- _TASK DIRECTIONS_
An exact copy of all the data is required, with pictures left out.

- _PROVIDED MATERIAL_
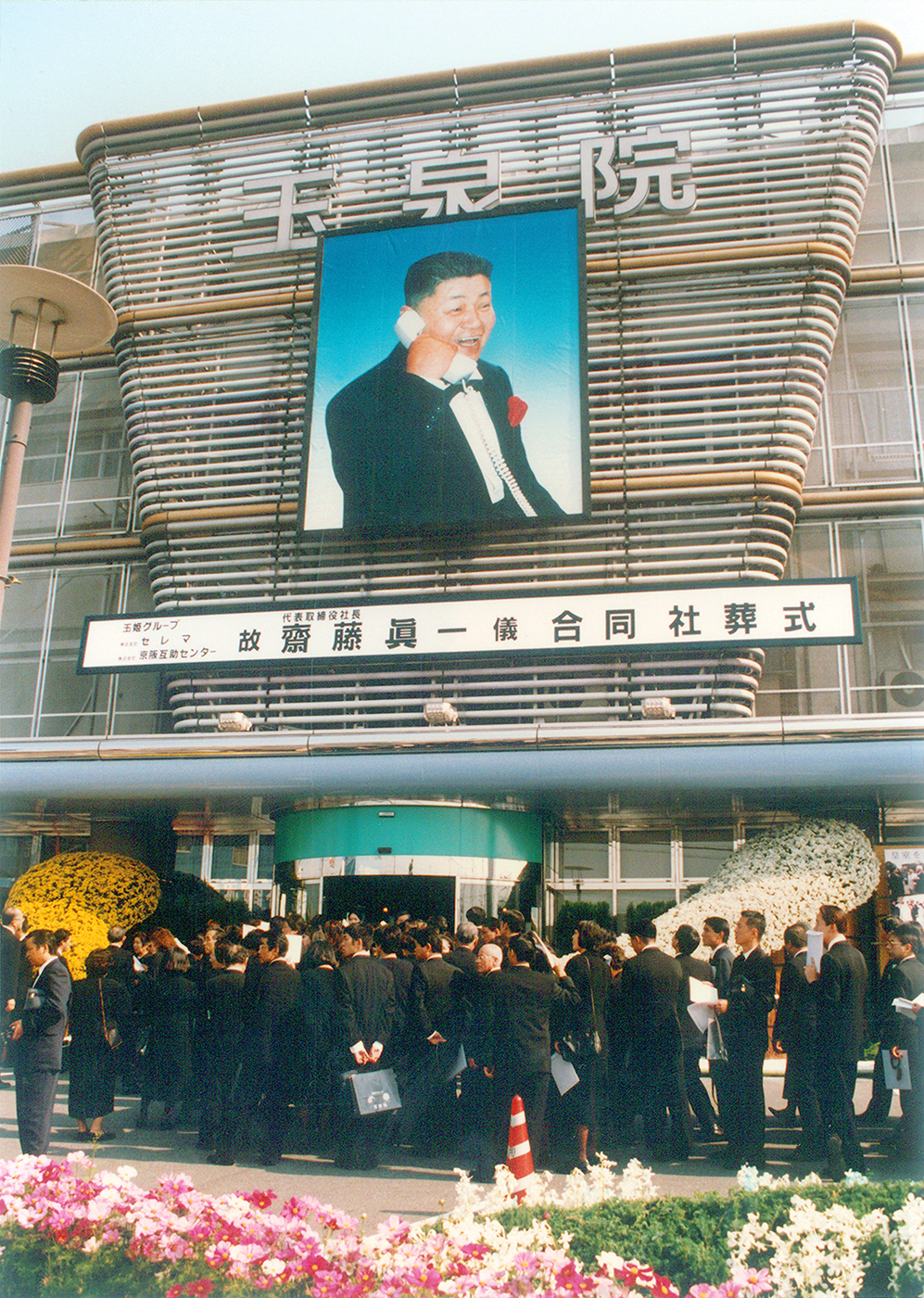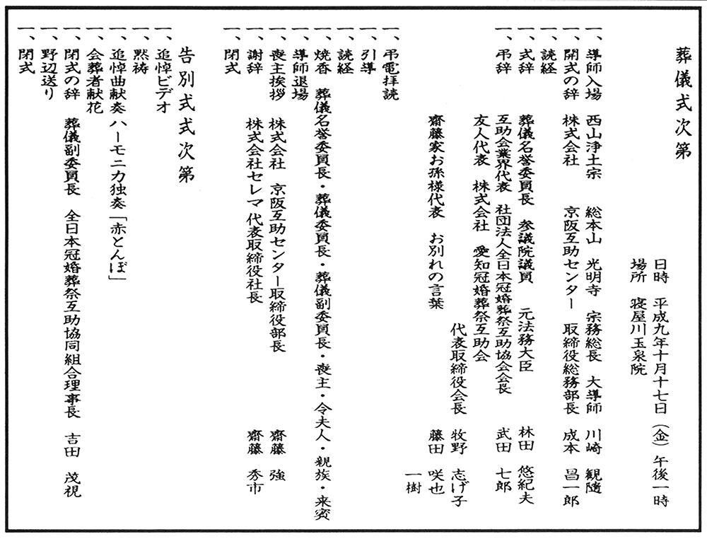 株式会社京阪互助センター取締役・全国玉姫グループ齋藤いつ会長の合同葬儀が平成10年1月28日シティーホール西ノ京で執り行われました。(平成9年12月26日逝去 行年95歳)
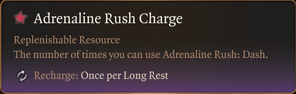 新增了肾上腺素冲刺:你可以使用一次额外动作进行一次长距离移动,使你的移动速度翻倍,并获得等于熟练加值的临时生命值。此特性可以使用的次数等于你的熟练加值,在长时间休息后恢复充能。
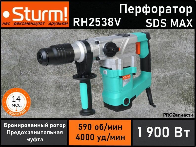 Sturm! RH2538V Перфоратор SDS-MAX 1900Вт, 10Дж, 4000уд/мин, 590об/мин, 2 режима, кейс, Sturm! [RH2538V]
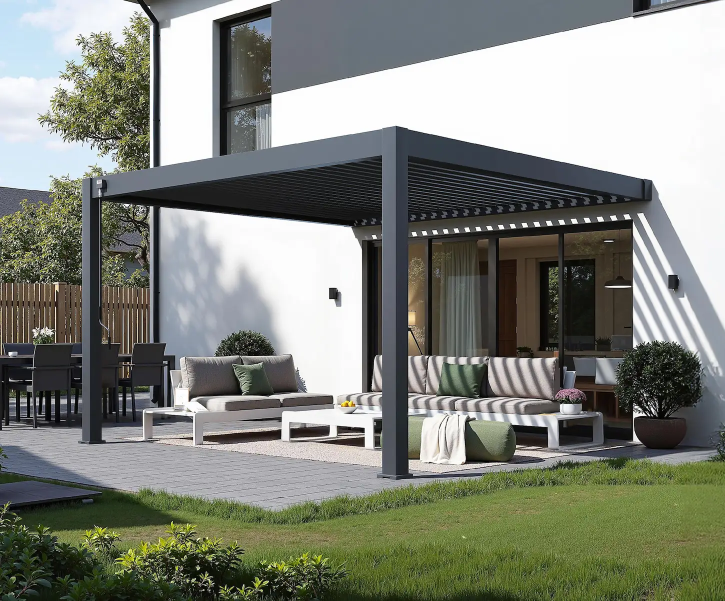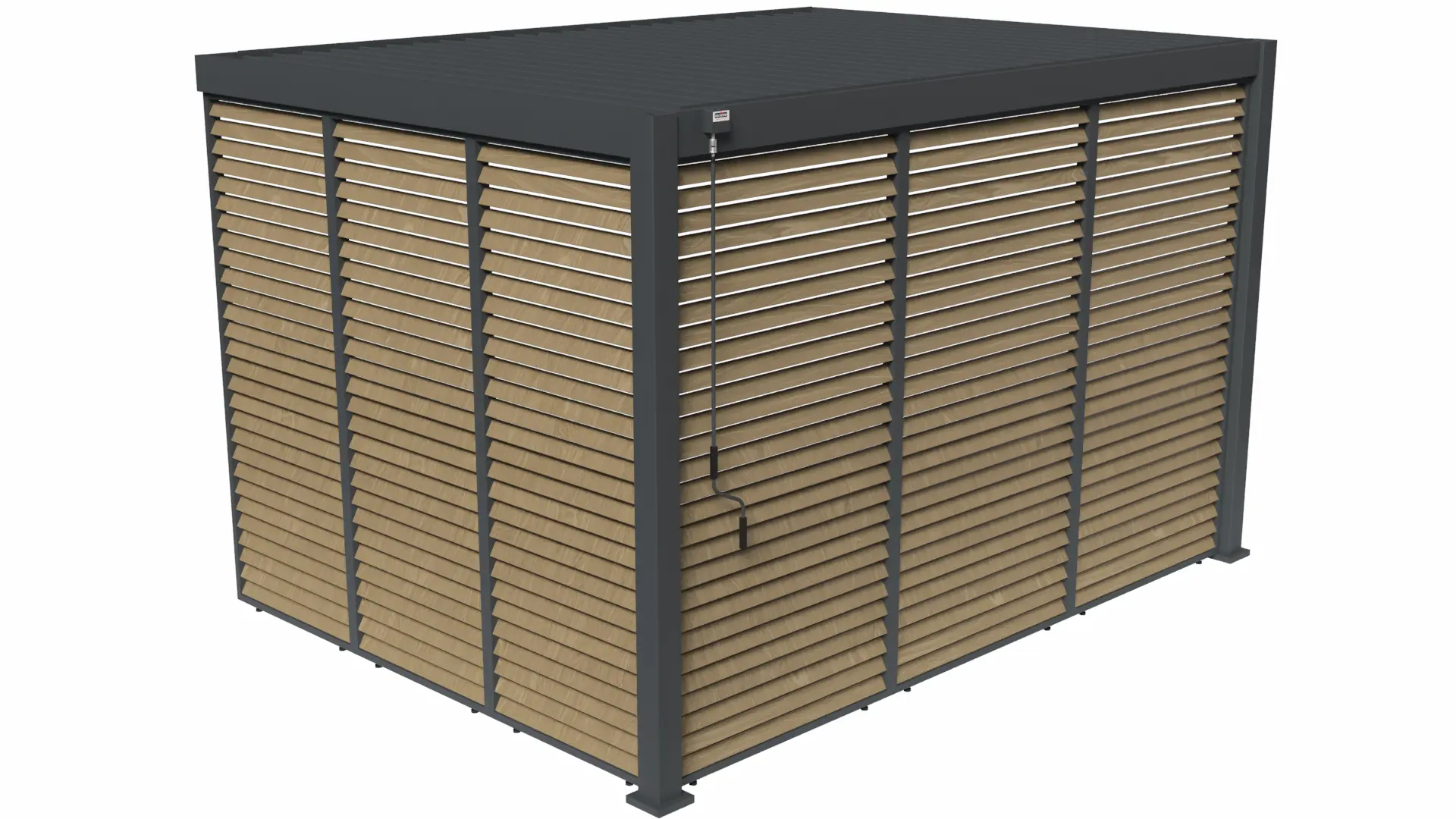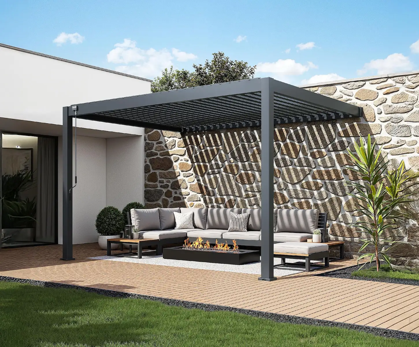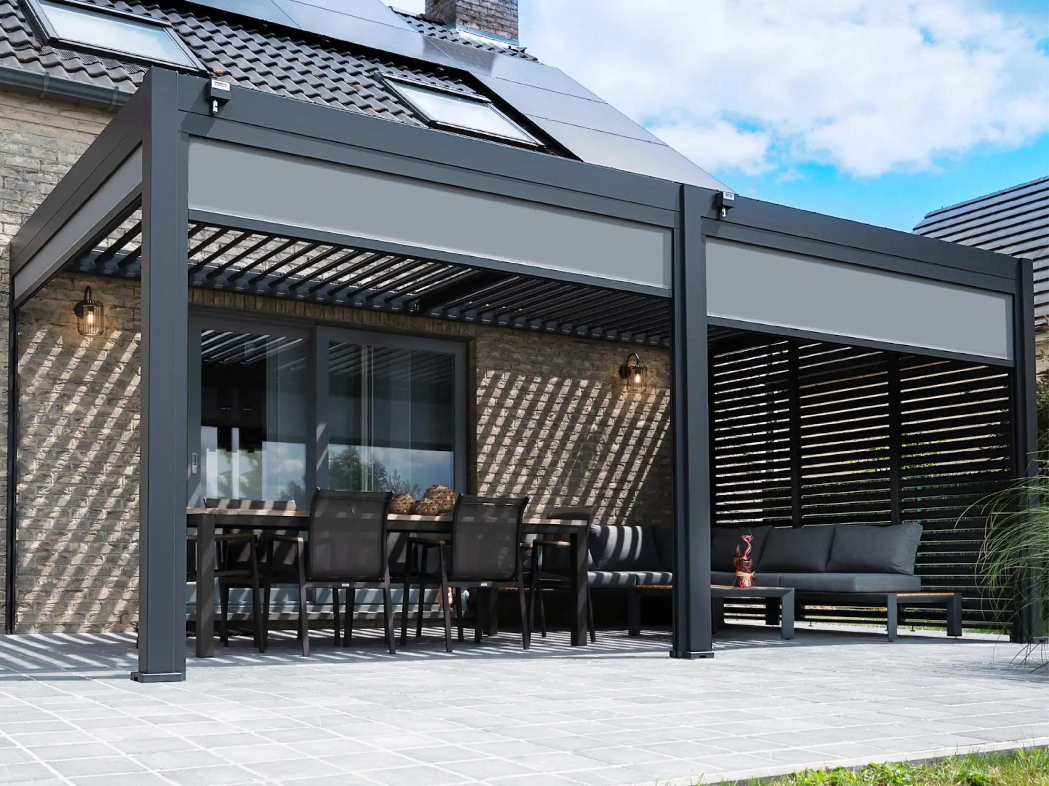 The Rockford attached pergola creates a sheltered space right next to your home. The aluminium frame and matte anthracite louvred roof blend in perfectly with a modern garden. The manually adjustable louvres let you decide how much sunlight or ventilation you want, without needing electricity. Rainwater is neatly drained through integrated gutters and down the posts. The pergola is easy to assemble and can be extended with accessories like glass sliding walls, curtains or louvred panels.

- _TASK OUTPUT_
 株式会社京阪互助センター取締役・全国玉姫グループ齋藤いつ会長の合同葬儀が平成10年1月28日シティーホール西ノ京で執り行われました。(平成9年12月26日逝去 行年95歳)
 新增了肾上腺素冲刺:你可以使用一次额外动作进行一次长距离移动,使你的移动速度翻倍,并获得等于熟练加值的临时生命值。此特性可以使用的次数等于你的熟练加值,在长时间休息后恢复充能。
 Sturm! RH2538V Перфоратор SDS-MAX 1900Вт, 10Дж, 4000уд/мин, 590об/мин, 2 режима, кейс, Sturm! [RH2538V]
 The Rockford attached pergola creates a sheltered space right next to your home. The aluminium frame and matte anthracite louvred roof blend in perfectly with a modern garden. The manually adjustable louvres let you decide how much sunlight or ventilation you want, without needing electricity. Rainwater is neatly drained through integrated gutters and down the posts. The pergola is easy to assemble and can be extended with accessories like glass sliding walls, curtains or louvred panels.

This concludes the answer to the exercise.